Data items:
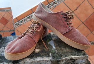 Zapatos casuales de tela para hombre. - Diseño tipo mocasín. - Cordones decorativos. - Suela de yute. Puestos una vez. talla 46 pero de pie es un 44-45 porque vienen pequeños
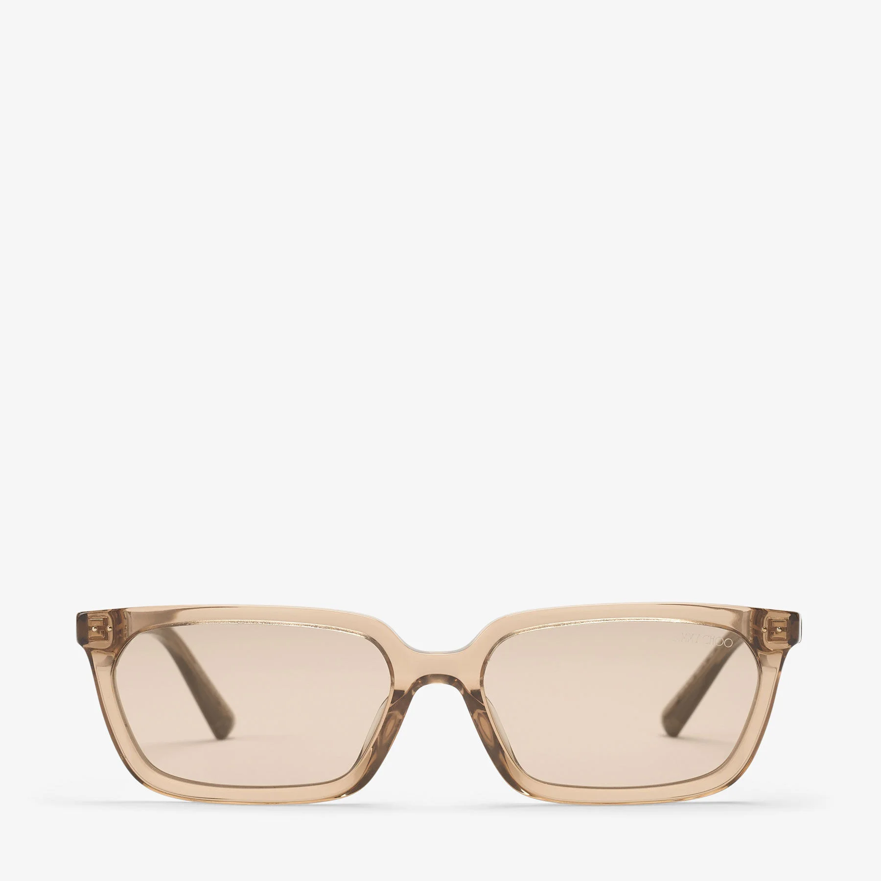 Details, Care & Fit With a rectangular shape and transparent tan finish, the Josi sunglasses are a subtle statement. Tonal lenses and slender arms keep the look sleek, while the Jimmy Choo logo adds a hint of glamour. - Acetate containing 27% recycled content - Bio-nylon lenses - Light brown shaded lenses - Rectangular frame - Jimmy Choo logo - 100% UVA and UVB protection - Presented with a Jimmy Choo case and cleaning pouch - Lens width: 5.5cm - Bridge length: 1.6cm - Temple length: 14cm - Made in Italy
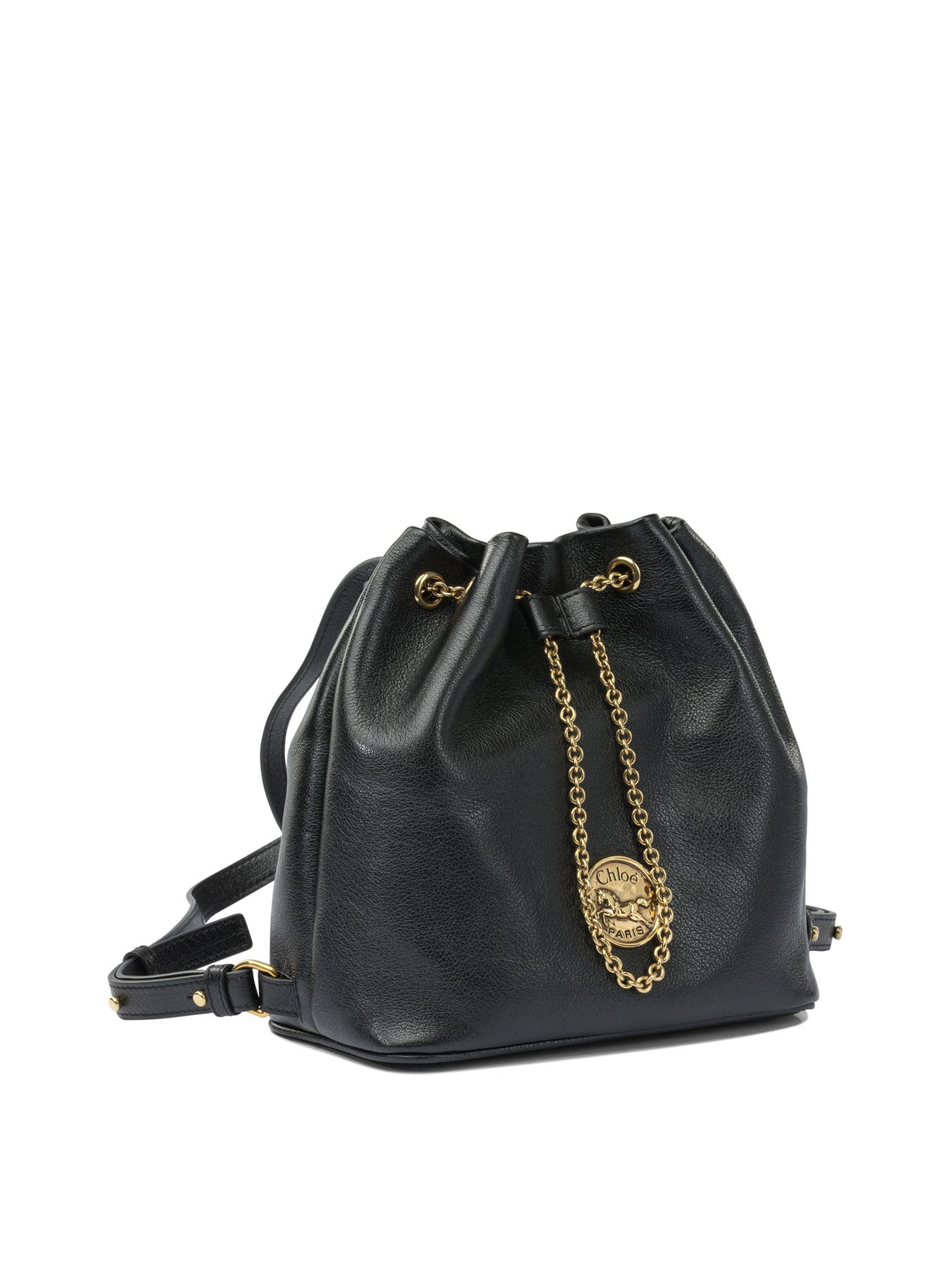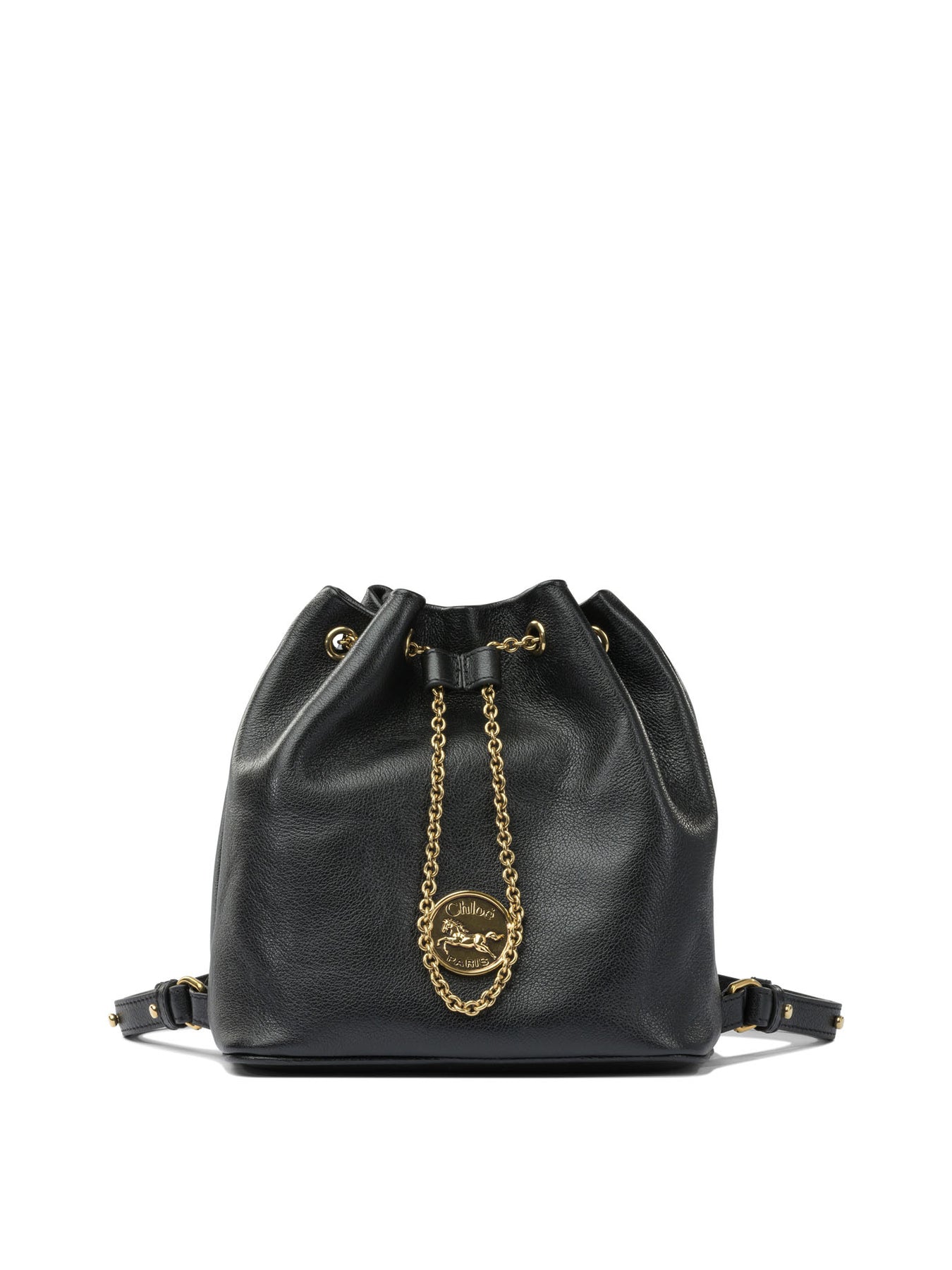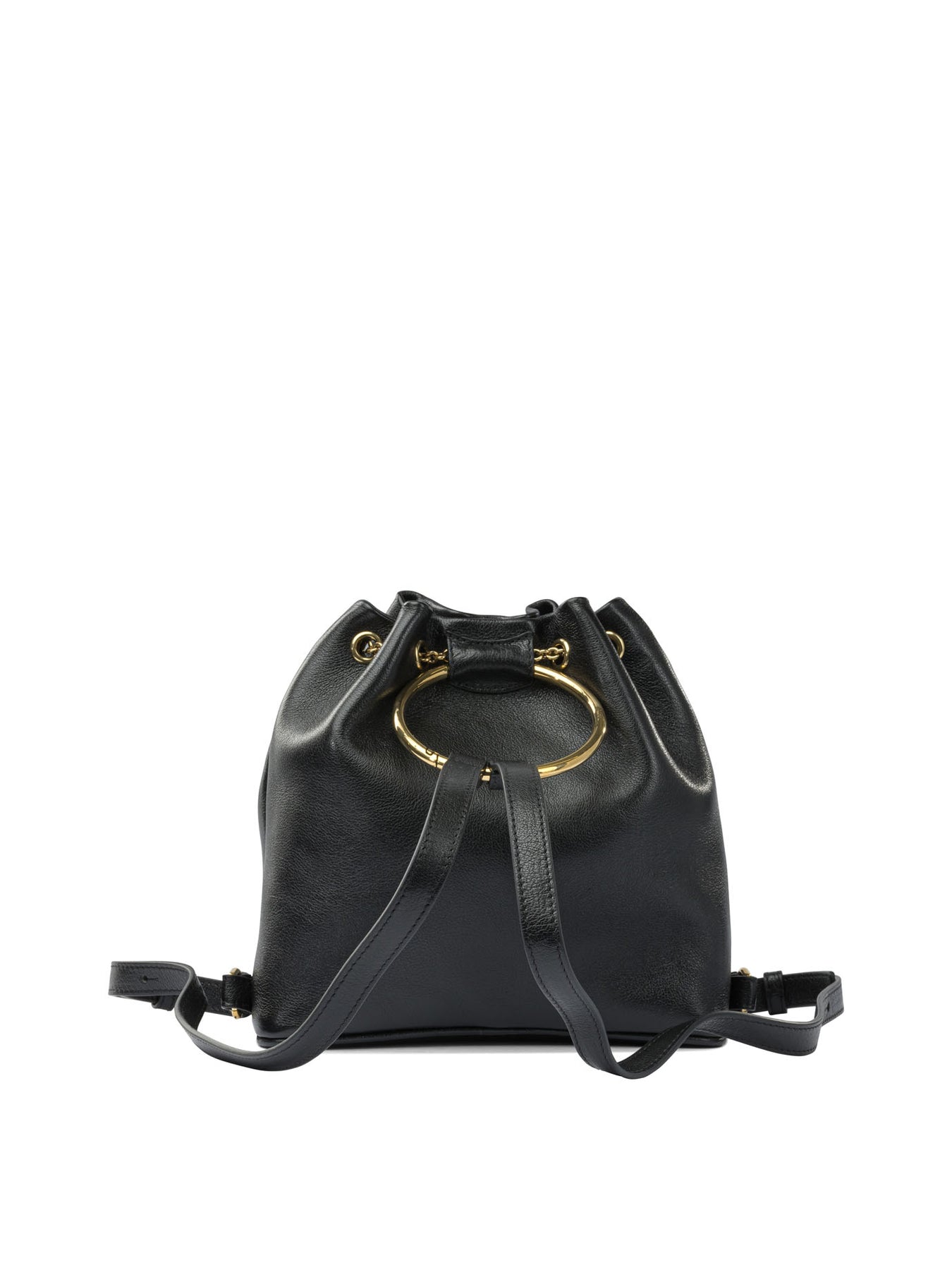 Chloé "Bracelet" backpack, crafted from garnet buffalo leather, features a compact, soft silhouette. An oversized metal bracelet handle, along with a chain drawstring closure, defines the upper structure. The Maison's emblematic Horse medal is inserted as a distinctive element on the surface. Adjustable and removable straps allow for different modes of carrying, either by hand or on the shoulder. || - Garnet buffalo leather - Oversize metal cuff handle - Top drawstring with metal chain - Iconic Horse medal applied - Adjustable and removable straps for hand or shoulder carry - Interior flat pockets - Top drawstring chain closure
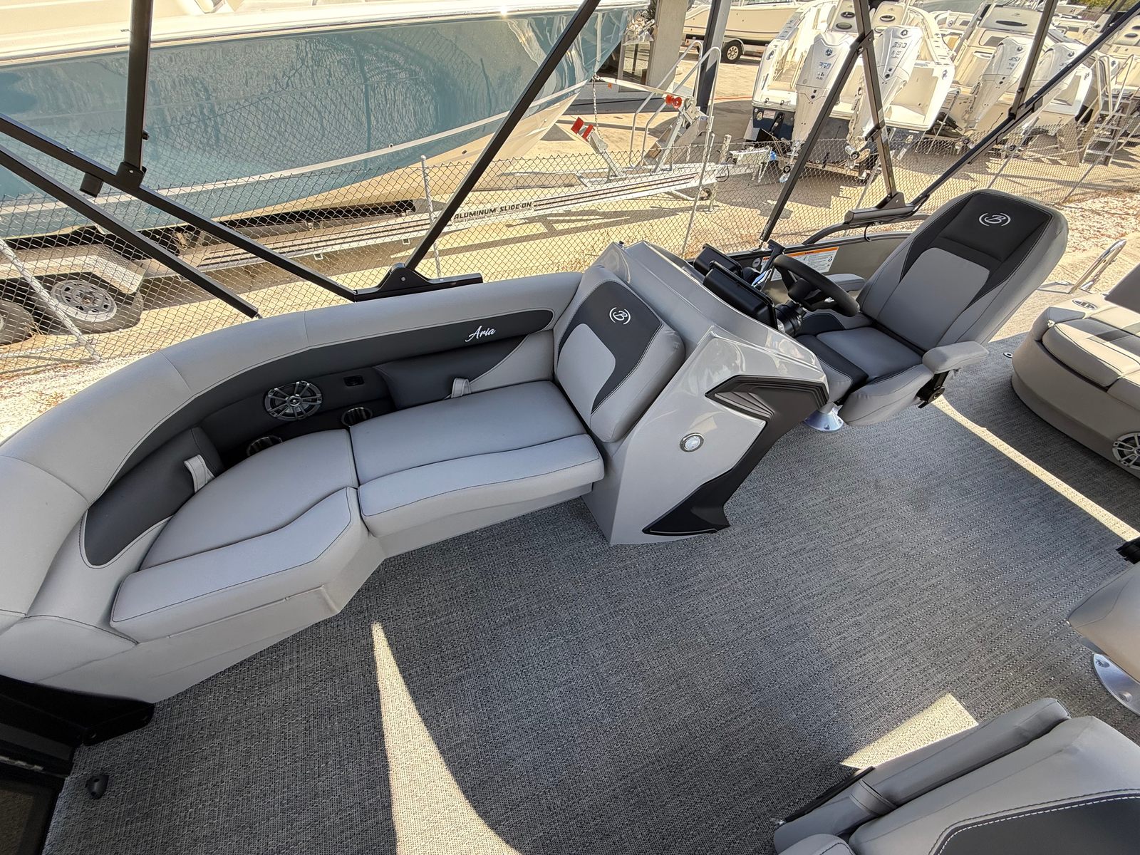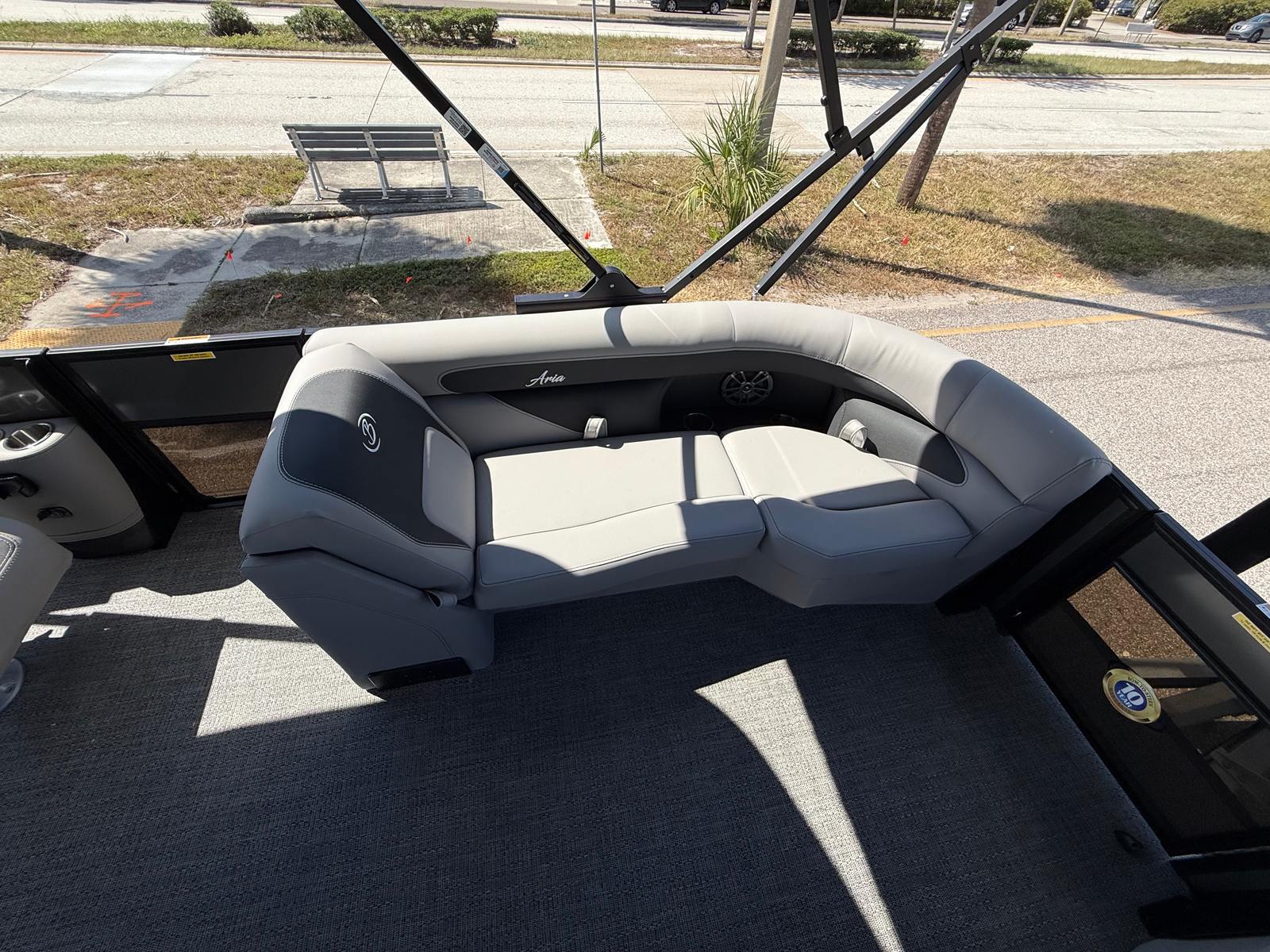 The Barletta Aria A22UC-Platinum is packed with premium features designed to enhance your boating experience. The Railskin Color Aria in Gray Moonstone and Railskin Accent Aria in Black Diamond create a visually stunning exterior, while the Blackout Package Aria adds a touch of modern sophistication. Inside, the Tempest Gray furniture offers plush seating and ample space for relaxation, complemented by the Amore Gray flooring that is both stylish and easy to maintain. The Coastal Edition Aria ensures this pontoon is ready for a variety of environments, from freshwater lakes to coastal waters. The Triple Toon Package Aria provides added stability and buoyancy, making every ride smooth and comfortable, even with a full crew on board.
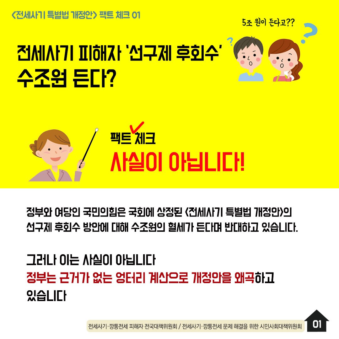 지난 방송 후에 전세 사기 피해나 깡통 전세 피해를 왜 세금으로 지원해야 하는지 모르겠다는 말씀을 주신 분이 계셨는데요. 정부가 전세 사기나 깡통 전세 피해를 당한 분들은 도와야 하는 것은 그분들만의 잘못이 아니기 때문입니다. 저는 태풍이나 지진, 화재 등으로 집단적 피해를 당한 지역을 긴급재난지역으로 선포하고 국가가 최우선으로 지원하는 것과 다르지 않은 일이라고 생각합니다. 전세 사기 피해자나 깡통 전세 피해자들이 전국에 흩어져 있기 때문에 그 심각성이 태풍피해처럼 한 눈에 드러나지 않을 뿐이지 피하기 어려운 갑작스런 재난을 당한 것은 매한가지라고 봅니다.
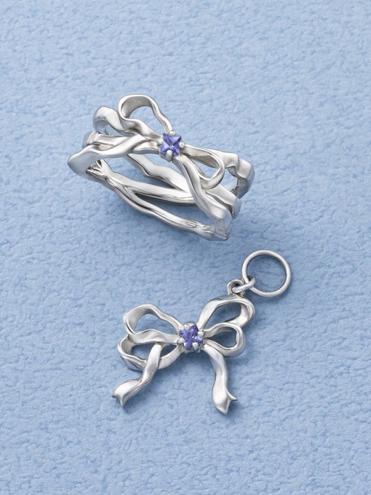 存在感のある太さにタンザナイトを添えた洒落感たっぷりなピンキーリングと、ほどよい今っぽさをプラスできるチャームはセットで合わせるのがおすすめ!
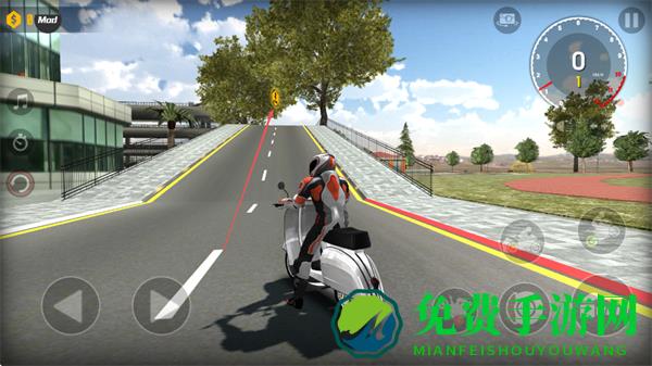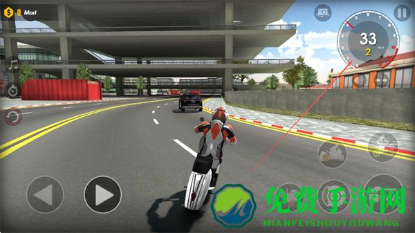 3、关注右上角时速表,控制摩托车速度,在弯道处减速,避免碰撞车辆和障碍物。
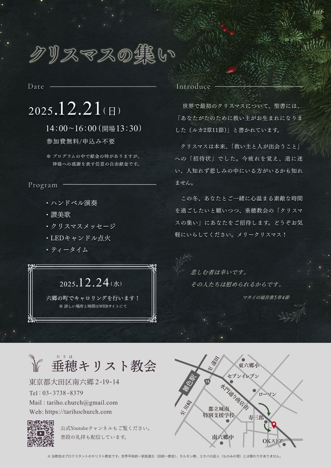 今疲れを覚え、道に迷い、人知れず悲しみの中にいる方がいるかも知れません。この冬、あなたとご一緒に心温まる素敵な時間を過ごしたいと願いつつ、垂穂教会の「クリスマスの集い」にあなたをご招待します。どうぞお気軽にいらしてください。メリークリスマス!
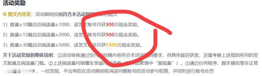 家人们,早上好呀! 今天,我要告诉大家,我心心念念的“盲盒”终于开拆了。上次发文说我想冲击图2中的1000元大奖,现在结果来了。 很遗憾,与大奖擦肩而过,想当初,为了冲击这个大奖,我足足写了60多篇文章,第一关就毙了不少,第二关通过48篇,只是可惜最后需要的5000阅读量没达标,最终拿下第二个奖项500元,也非常不错了,必须给自己的毅力点赞[耶] 曾经,有人留言说:晒这个是不是因为觉得你自己赚的挺多?我没有怼他,因为这位友友我们虽然没关注,但是之前也经常互动,所以我宁愿相信他没有恶意。 今天,我要告诉大家,我晒不是来拉仇恨的,我是希望很多跟我一样喜欢写作、喜欢💰💰的同道中人,都加入进来,独乐乐不如众乐乐,有米一起赚不好嘛?
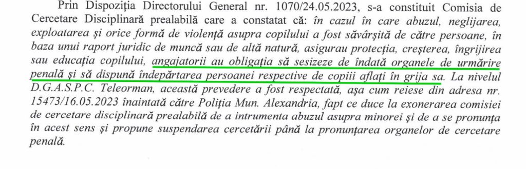 Tot în răspunsul DGASPC se mai spune că, dacă abuzul este săvârșit de o persoană care asigură protecția și îngrijirea copilului, „angajatorii au obligaţia să sesizeze de îndată organele de urmărire penală şi să dispună îndepărtarea persoanei respective de copiii aflaţi în grija sa”.
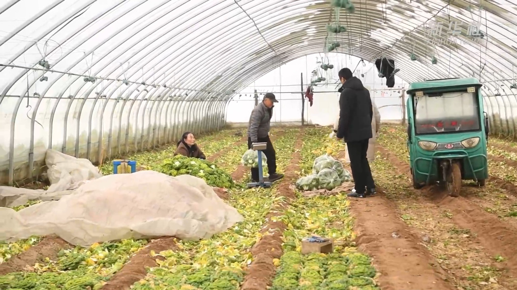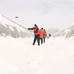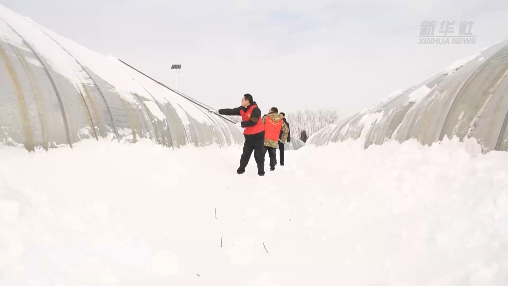 在亳州市谯城区五马镇的常青园蔬菜生产基地,大棚上覆盖了厚厚的积雪。为了防止积雪对农业设施造成影响,当地组织志愿者帮助种植户清理积雪。
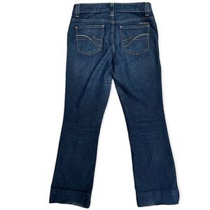 Flattering and slimming DKNY jeans in the Soho Boot cut and indigo blue wash. A classic bootcut with body-enhancing stretch by DKNY. EUC Size 6 hemmed at 30” inseam.
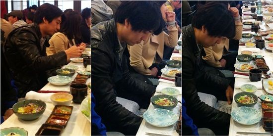 24일 공개된 사진은 MBC 월화극 '빛과 그림자'(최완규 극본, 이주환 이상엽 연출)에서 차수혁 역으로 열연 중인 이필모가 식사 중 테이블 밑으로 대본을 정독하고 있는 모습이다.
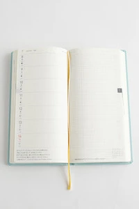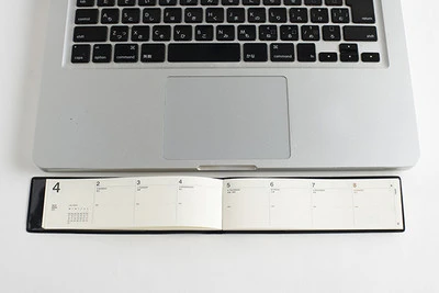 「細く、見開きで1週間の予定を書き入れるダイアリーです。予定だけ書いて、持ち歩きたい方に向けたものですね。最近、フリーアドレスの会社が増えているということで、オフィスに自分専用のスペースがない方もいらっしゃると思います。このサイズならデスクにおいても邪魔にならないし、たとえばノートPCの手前において作業もできます。昨年から登場したものですが、販売開始早々から大きな反響があったダイアリーです」

> **Task description**: In the entries above, find the line with "3、关注右上角时速表,控制摩托车速度,在弯道处减速,避免碰撞车辆和障碍物。" and the line with "今疲れを覚え、道に迷い、人知". Return exactly those lines and all the ones between them, pictures excluded.

> **Solution for this problem**:
 3、关注右上角时速表,控制摩托车速度,在弯道处减速,避免碰撞车辆和障碍物。
 今疲れを覚え、道に迷い、人知れず悲しみの中にいる方がいるかも知れません。この冬、あなたとご一緒に心温まる素敵な時間を過ごしたいと願いつつ、垂穂教会の「クリスマスの集い」にあなたをご招待します。どうぞお気軽にいらしてください。メリークリスマス!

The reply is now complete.